- Citizenship: Australian
- Education: Bachelor of Architecture
- Alma mater: Royal Melbourne Institute of Technology
- Occupation: Architect
- Known for: Elenberg Fraser (co-founder); Move-in (founder);

= Zahava Elenberg =

Australian architect

Zahava Elenberg is an Australian architect. She co-founded Melbourne-based architecture practice Elenberg Fraser and is the founder of turn-key accommodation fit out and interior furnishing company Move-in.

== Early years ==
Elenberg is the daughter of Anna Schwartz and artist Joel Elenberg. She is the step daughter of publisher and developer Morry Schwartz. Elenberg attended Preshil, The Margaret Lyttle Memorial School and has been a director of the Preshil School Council and the Preshil School Foundation.
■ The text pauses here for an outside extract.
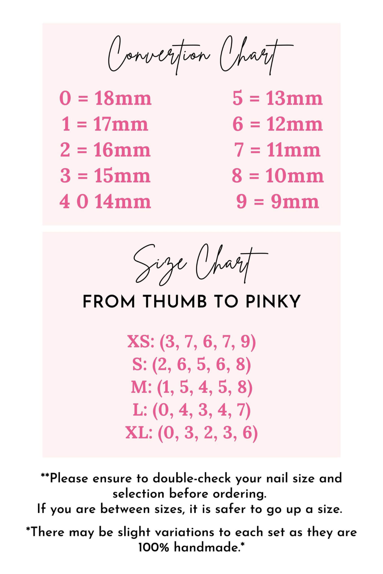 *The surest ways to ensure your press on nails will fit you perfectly and with a super natural look is ordering the 20 NAILS FULL SET or ordering beforehand a SIZING KIT of the same length and shape as the nails set you want.

She completed a bachelor of architecture at RMIT University and graduated in 1998 with first class honours.

As a child, Elenberg was photographed by Melbourne artist Bill Henson and spoke out in support of the artistic value of his work when it was seized by NSW police after a complaint by a child protection campaigner.

== Career ==
In 1998, Elenberg co-founded Elenberg Fraser Architecture with Callum Fraser, and has risen to prominence in the Australian design scene. Now with offices in Australia and South-East Asia, Elenberg Fraser is one of Australia's leading practices with a focus on multi-residential and interior design.

In 2002, Elenberg established Move-in, a niche business specialising in design-led turn-key furniture solutions and high volume fit-outs for student accommodation, investment, hotel and serviced apartment sectors, and has delivered projects throughout Australia, Asia and the Middle East.

In 2017, Elenberg joined the board of MIFF, the Melbourne International Film Festival, with special responsibilities in finance, creative development and strategy, philanthropy and industry programs.

==Honors==
In 2003, Elenberg was awarded the Telstra Young Business Woman of the Year and in 2005 was named the Ernst & Young Southern Region Young Entrepreneur of the Year.

Elenberg has been an active contributor within the design community and has participated in many panel discussions and conversations around entrepreneurship and design. Following her Telstra award, Elenberg gave the keynote address to 35,000 students, staff and guests at the RMIT University graduation ceremony at Telstra Dome.